July | 2024
Ahmed Mater and the Birth of Edge of Arabia
Ahmed Mater: Chronicles
When Ahmed and I first met in 2003, he was part of an artist group called Shatta, its name literally meaning ‘to be broken apart’. Not long before, I had formed Offscreen with a group of London-based travelling artists as an alternative to the ‘onscreen’ story about the Middle East in the western media at that time. It felt from the outset as though we were on a similar trajectory. Both of us were looking to dismantle existing traditions to create something new. The coming together of these two groups led to the creation of Edge of Arabia. Looking back over the past two decades, I don’t think it’s an exaggeration to claim that our meeting changed the course of international artistic dialogue with Saudi Arabia. Ahmed was just beginning to identify a role as interpreter of cultural and social change – something that is now at the heart of his practice as an artist who uses his creative antennae to catch signals and make connections across history, geography and time. I, in turn, realised that this meeting of minds across ideological borders could be the start of something important, though we didn’t know at the time just where it would take us. This, then, is Edge of Arabia’s ‘origin story’, one that is vital to an understanding of Ahmed Mater as artist and cultural leader.

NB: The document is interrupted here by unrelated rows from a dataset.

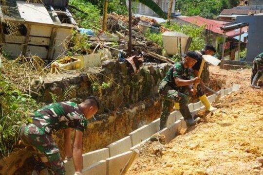BATAM,NUSANTARAPOS,Sasaran fisik program TNI Manunggal Membangun Desa (TMMD) Batam 120 TA 2024, Kodim 0316/Batam di Kavling Bukit Pelita Indah Kel Kabil Kec. Nongsa, meskipun cuaca tak mendukung terus melakukan pekerjaan fisik. Pasalnya, pelaksanaan pekerjaan ini hanya diberikan waktu selama 30 hari dari pembukaan hingga penutupan.
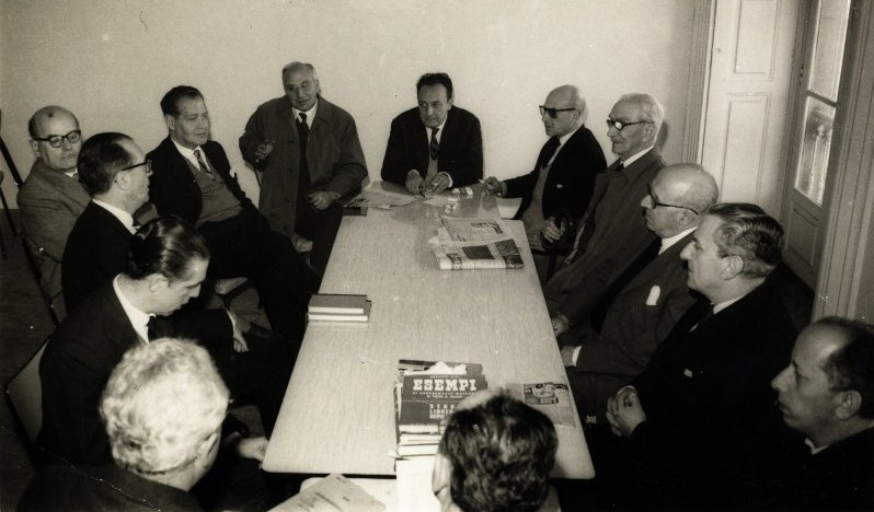 Otero Pedrayo foi o primeiro e máis duradeiro presidente da Editorial Galaxia, durante máis de 25 anos, desde a súa fundación o 25 de xullo de 1950 ata o seu falecemento en 1976. Na imaxe, un Consello de Administración da editorial contra 1960.
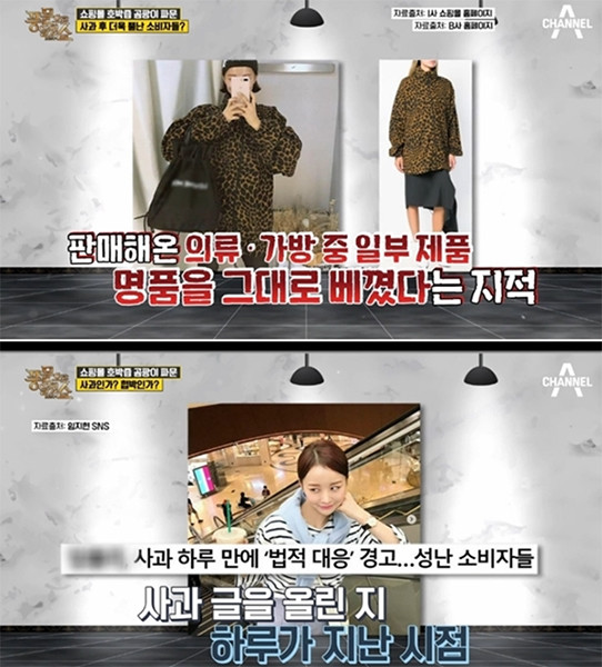 또 한 패널은 의류와 가방 등 일부 제품이 명품을 그대로 카피했다는 지적에 대해 "전 직원의 폭로도 등장했다", "전 직원의 폭로까지 가면 민낯이 드러나게 된다" 등의 발언을 쏟아냈다.
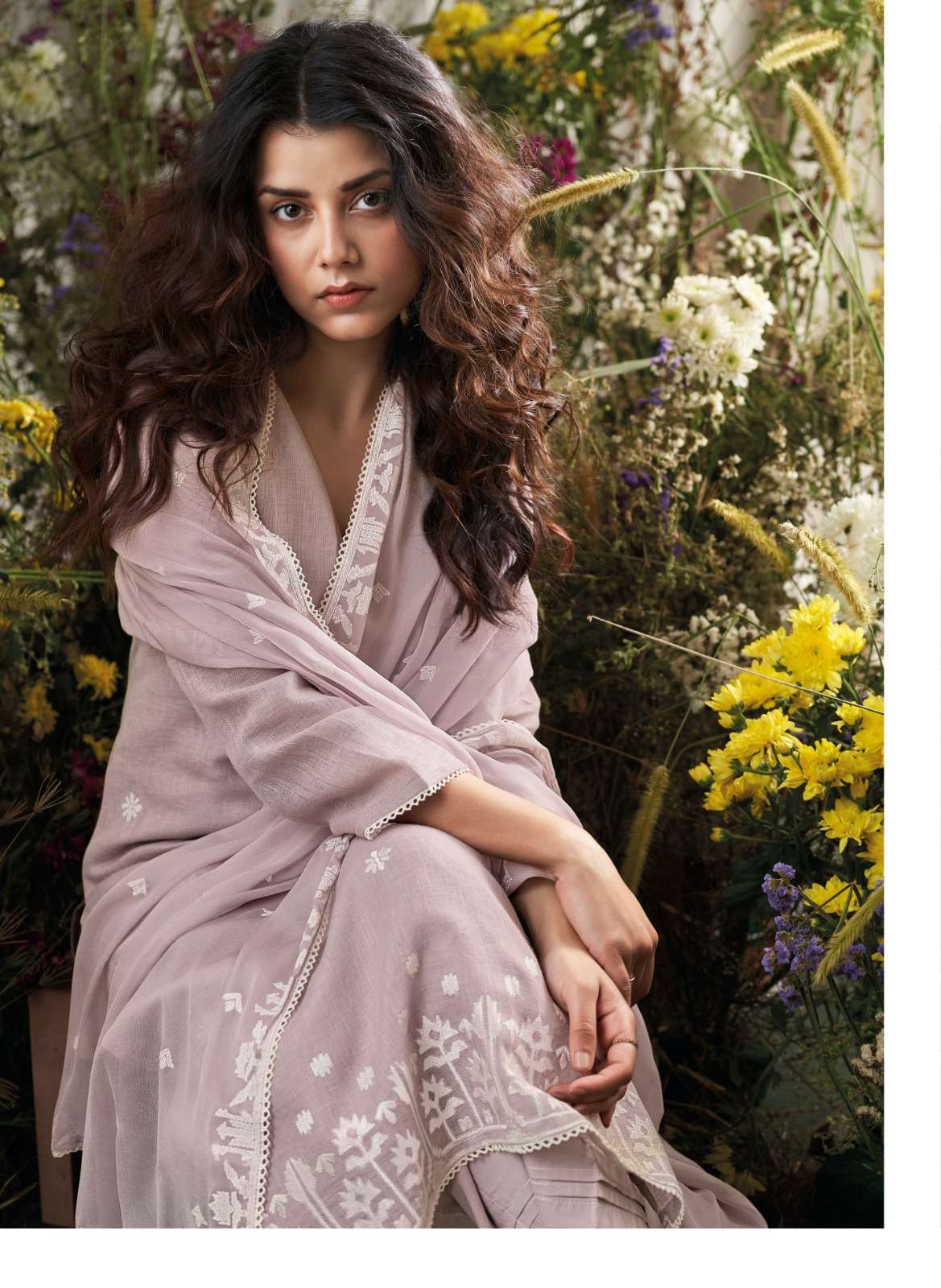 Crafted in premium pure fabric, the fabric offers a luxurious sheen, fluid drape, and an undeniably regal appeal. This ganga collection is known for its sophisticated colour palette and intricate weaving, making this suit a standout choice for festive dressing and elegant evenings.

Our first encounter was at Al-Meftaha Arts Village in the remote mountain region of Asir on the southern border between Saudi Arabia and Yemen. It was March 2003, the start of the Second Gulf War. I had left the UK a few months earlier on an ‘artists’ expedition’ in a customised Toyota Hilux with raised suspension which we called ‘Yasmine’. We were three artists, in a truck, with sketchbooks, our bags full of paint, and canvases on a big roll in the boot. Driving down through Eastern Europe, Turkey, and over into Iran, where we stayed for three months, I became passionate about telling the stories of the people I met through my collages. World events, too, became our story: 2002 was the year when the media was building up to the invasion of Iraq.
Crossing the border into Saudi Arabia, I felt I was on the edge of something about to happen. On arrival in Abha, the mountain capital of Asir, I remember being dropped by the side of the road under a neon palm tree. I called the only phone number I had – the office of HRH Prince Bandar bin Khalid Al Faisal, who had arranged my visa without really knowing who I was. It was March 18th. That night, I stayed in a cheap hotel and watched the ‘shock and awe’ attack on Baghdad on the TV. The next morning, I was picked up and driven in a Cadillac to meet HRH Prince Bandar at the offices of Al Watan, one of the country’s leading newspapers, which he owned. I was escorted to the boardroom where HRH Prince Bandar was hosting a meeting with his editors, all of them eating pizzas out of boxes and drinking Pepsi, and the first thing he said to me was that he was expecting someone much older! He was passionate, very open-minded and intellectual. He suggested I should visit the artist community at Al-Meftaha, which had been opened in Abha in the late 1980s by the then governor of Asir province, HRH Prince Khalid bin Faisal Al Saud.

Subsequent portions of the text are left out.